Joseph
B. McCormick was born in Tennessee and raised on a farm in Indiana.
He graduated cum laude from Florida Southern College with majors in
chemistry and mathematics. He lived in Brussels and attended the Alliance
Francaise and the Free University for a year to acquire sufficient
French to enable him to teach sciences and mathematics in a secondary
school in the Congo (Kinshasa). He worked in the local hospital, that
introduced him to medicine and particularly tropical medicine. He
entered Duke Medical School in 1967 from which he graduated in 1971,
having also obtained an MS from Harvard School of Public Health in
1970. His did an internship and residency in pediatrics at Children's
Hospital of Philadelphia under Dr. C. Everett Koop.
In 1974,
Dr. McCormick became an Epidemic Intelligence Service Officer (EIS),
at the CDC. He was also a fellow in the Preventive Medicine Residency
Program at the Centers for Disease Control. As an EIS officer, he
was a PAHO/CDC consultant for the Brazilian government for meningococcal
meningitis during the extensive outbreaks from 1974-1976. On completion
of his epidemiology training, he went to West Africa to found the
CDC Lassa fever Research Project in Sierra Leone. Just as he was setting
up this project, his knowledge of language and culture in the Congo
was put to the test and he was called to join the team investigating
the first Ebola epidemic in 1976. He returned after this investigation
to Sierra Leone, living and working for three years in the Eastern
Province, conducting extensive and definitive studies of the epidemiology
and treatment of Lassa hemorrhagic fever. Data from these years included
a landmark publication in the New England Journal of Medicine on definitive
effective antiviral treatment for this disease. He returned to Atlanta
in 1979 and became Chief, Special Pathogens Branch, Division of Viral
Diseases at the Centers for Disease Control. In 1979, he also led
a WHO team in investigating a second Ebola hemorrhagic fever outbreak
in Sudan.
He was
director of the Biosafety level 4 laboratories at CDC for 9 years,
and inaugurated the current BSL 4 facility at CDC. He was also director
of the WHO Collaborating Center for Viral Hemorrhagic Fevers. During
this period, he also became involved in the study of HIV/AIDS in Africa,
leading the original team that established the Project SIDA in Kinshasa,
Zaire, and later led the team that established the Project Retro-Ci
in Abidjan, Ivory Coast. He co-authored numerous papers in major journals,
including Science, and established a key point in the natural history
of HIV infection in Africa, reported in the New England Journal of
Medicine, by testing specimens saved in his laboratory from the 1976
Ebola outbreak including isolation of the oldest HIV virus.
In 1993,
he was recruited to take up the post of Chairman, Community Health
Sciences Department, at the Aga Khan University Medical School (AKU).

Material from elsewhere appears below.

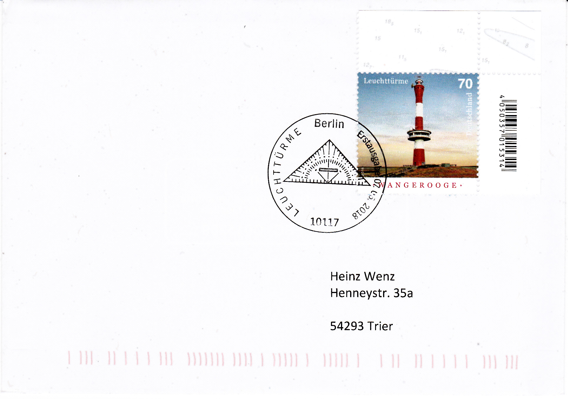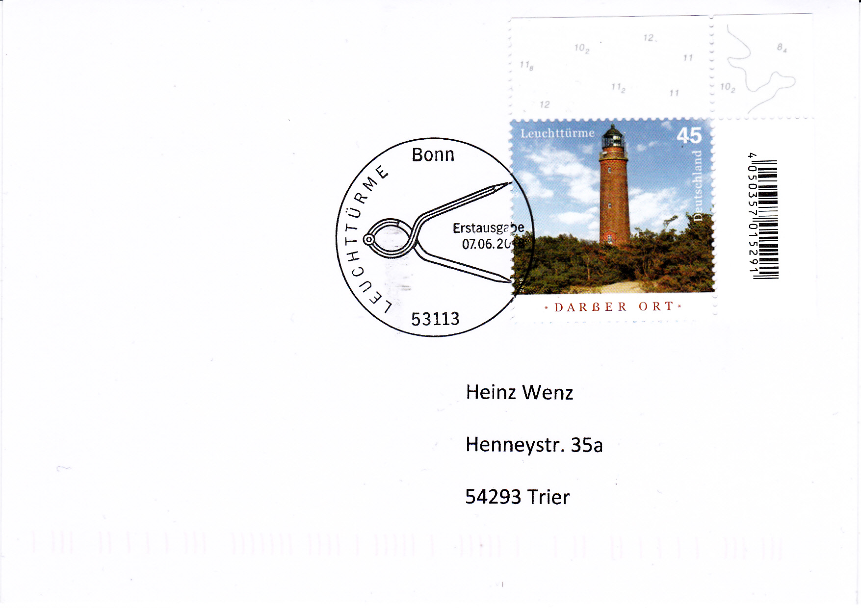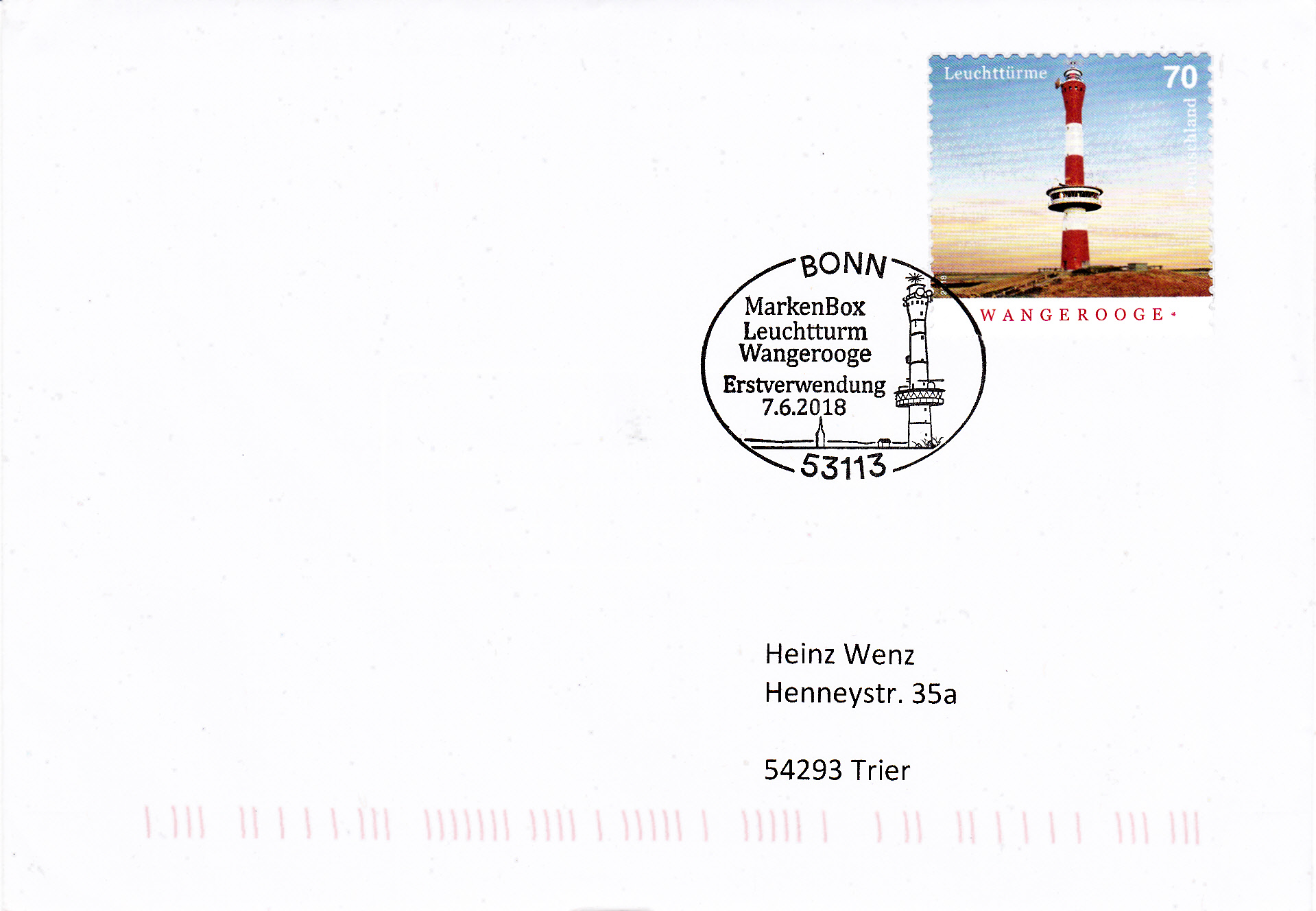 Für die beiden Leuchtturmmarken der Deutschen Post vom 7.6.2018 gab es wie üblich auch Ersttagsonderstempel. Hier die Marke mit dem Leuchtturm Darßer Ort und dem Stempel aus Bonn.

He has established an epidemiology program, resembling the CDC Field
Epidemiology Training Programs, but built on an academic private university
model, with a Masters' degree in Epidemiology. At least 45 papers
have now been published by faculty and trainees from this period.
He left Pakistan in early 1997 and moved to France where he founded
epidemiology programs for the Institute Pasteur and for Aventis Pasteur,
the world's largest vaccine manufacturer. On January 1st. 2001, he
took up the position of Assistant Dean, UT Houston School of Public
Health, with responsibility for the new Brownsville campus.
His many
awards include humanitarian awards from Florida Southern College and
Duke University Medical School. He has held several university positions
and had over 30 consultancies with organizations such as the WHO,
Pan American Health Organization. He has acted as reviewer for many
journals.
Recently
his activities in viral hemorrhagic fevers and major contributions
to the science and epidemiology of emerging pathogens have been aired
on television, newspapers and periodicals and in several books for
the lay reader. With his wife, Sue Fisher-Hoch he co-authored a popular
account of their adventures that was translated into nine languages,
and has been reissued in hard cover and paperback by Barnes and Noble.
Dr. McCormick is a member of several scientific organizations and
has about 200 scientific publications involving co-authors from over
20 different countries. He is an accomplished amateur pianist, and
enjoys outdoor activities such as running, cycling, back packing,
skiing and fly-fishing.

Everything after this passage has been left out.